# Is applying KL divergence to two fuzzy cluster membership assignments appropriate?

Deep Embedded Clustering, originally by Xie et al. and in a question on CV as well, assigns cluster memberships with a $$t$$-distribution, hardens them with a second power, and computes the KL divergence to optimise centroids and data representation in the latent layer of an autoencoder. My question is simply this: is it appropriate to use KL divergence in this situation, given that the variables are dependent and sum to any positive integer, not just one? Let me expand a bit more.

KL divergence can be interpreted as the dissimilarity of two distributions, $$Q$$ and $$P$$, where the entropy of their probability density function is compared: $$\text{KL}(P||Q) = \sum_{x\in X} P(x)\log\frac{P(x)}{Q(x)}$$ However, in the article Xie et al. use it with fuzzy cluster assignments. For example with two data points and two centroids, a matrix of cluster assignments $$Q$$ and the hardened assignments $$P$$ could look like this: $$Q=\begin{bmatrix}0.8&0.3\\0.2&0.7\end{bmatrix}\quad P=\begin{bmatrix}0.9&0.2\\0.1&0.8\end{bmatrix}$$ where the columns of the matrices represent data points belonging to clusters as rows. The columns are normalised to sum to 1. The hardening relates to the optimisation task, but it's not important here.
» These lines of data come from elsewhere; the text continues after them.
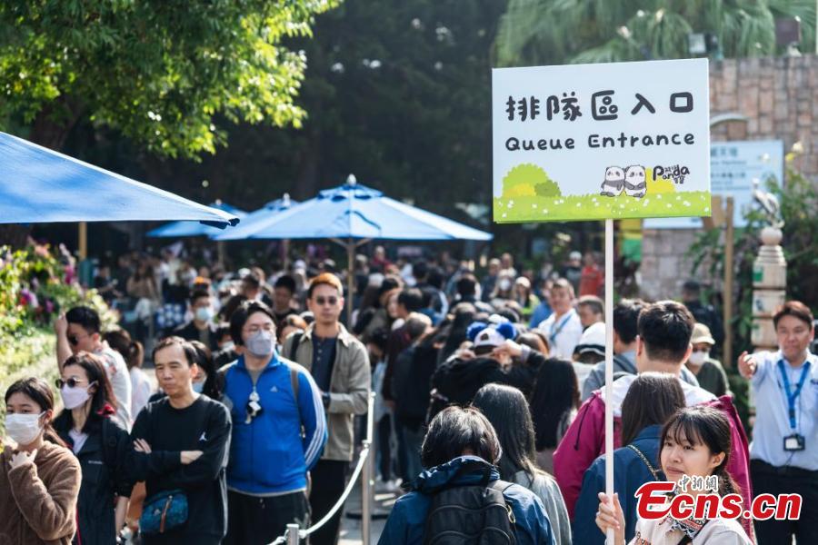 Visitors line up to view giant panda cubs at Ocean Park in the Hong Kong Special Administrative Region, Feb. 16, 2025. (Photo: China News Service/Hou Yu)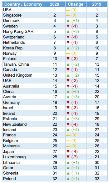 荷兰的排名稍低是因为这三个类别的排名都有所下降。根据这份报告,城市管理,数字/技术技能的可获得性以及教育方面的公共总支出导致知识类别的下降,而移民法律的有效性和银行、金融服务的效率下降导致技术得分较低;最后,在未来准备类别下,电子参与、公司的敏捷性以及对大数据和分析的使用都有所下降。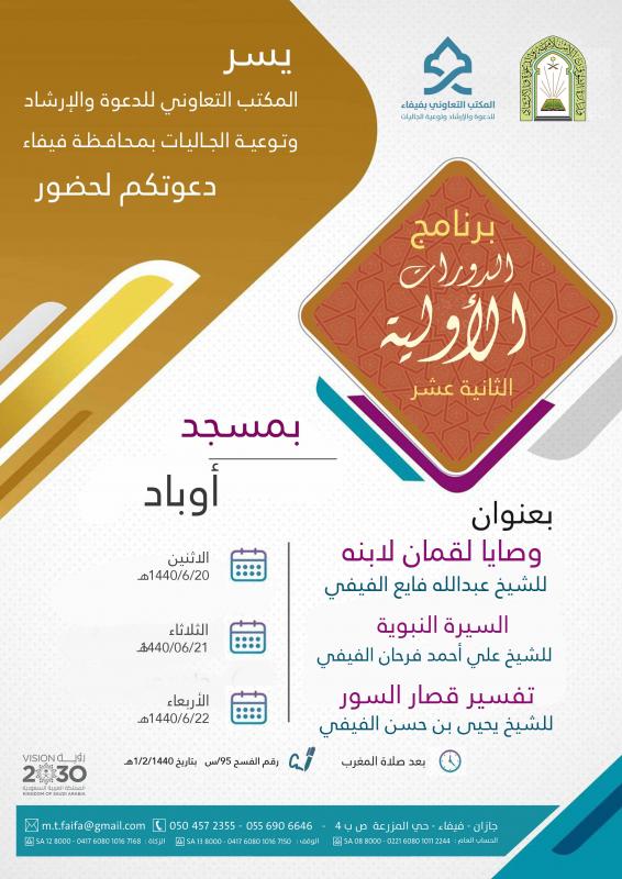 يعلن المكتب التعاوني للدعوة والإرشاد وتوعية الجاليات بمحافظة فيفاء عن برنامج الدورات الأولية الثانية عشر للعام الحالي 1440هـ وذلك بمسجد أوباد ولمدة ثلاثة أيام من بعد صلاة المغرب يوم الاثنين للشيخ عبدالله بن فايع الفيفي بعنوان وصايا لقمان لابنه ويوم الثلاثاء للشيخ على بن أحمد الفيفي بعنوان السيرة النبوية ويوم الأربعاء للشيخ يحيى بن حسن الفيفي بعنوان تفسير قصار السور .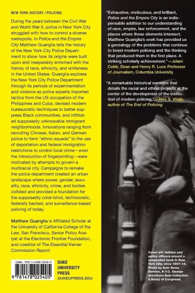 During the years between the Civil War and World War II, police in New York City struggled with how to control a diverse metropolis. In Police and the Empire City Matthew Guariglia tells the history of the New York Police Department to show how its origins were built upon and inseparably entwined with the history of race, ethnicity, and whiteness in the United States. Guariglia explores the New York City Police Department through its periods of experimentation and violence as police experts imported tactics from the US occupation of the Philippines and Cuba, devised modern bureaucratic techniques to better suppress Black communities, and infiltrated supposedly unknowable immigrant neighborhoods. Innovations ranging from recruiting Chinese, Italian, and German police to form "ethnic squads" to the use of deportation and federal immigration restrictions to control local crime-even the introduction of fingerprinting-were motivated by attempts to govern a multiracial city. Campaigns to remake the police department created an urban landscape where power, gender, sexuality, race, ethnicity, crime, and bodies collided and provided a foundation for the supposedly color-blind, technocratic, federally backed, and surveillance-based policing of today.

What's important is that we have two different assignments for the same data.

Xie et al. proceed to calculate the KL divergence from $$Q$$ and $$P$$. The output is certainly valid, reflecting the dissimilarity of the assignments. However, as I stated above, I'm suspicious. Two things concern me:

• Dependent variables: as the assignments of each data point are normalised, the variables are dependent. Does this affect the calculation?
• Not a proper probability density function: the values sum to the number of data points instead of 1. Does the distribution need to be always normalised to 1?

I think using $$\text{KL}$$ is appropriate here.
Normalising the distributions again would amount to multiplying them both with some value. Let's see it through in the $$\text{KL}$$ formula. $$\text{KL}(cP||cQ) = \sum_{x\in X} cP(x)\log\frac{cP(x)}{cQ(x)} = c\sum_{x\in X} P(x)\log\frac{P(x)}{Q(x)}$$ So turns out that the factor just scales the overall value of $$\text{KL}$$, having no practical effect in the optimisation process. Though scaling could be done just to be pedantic.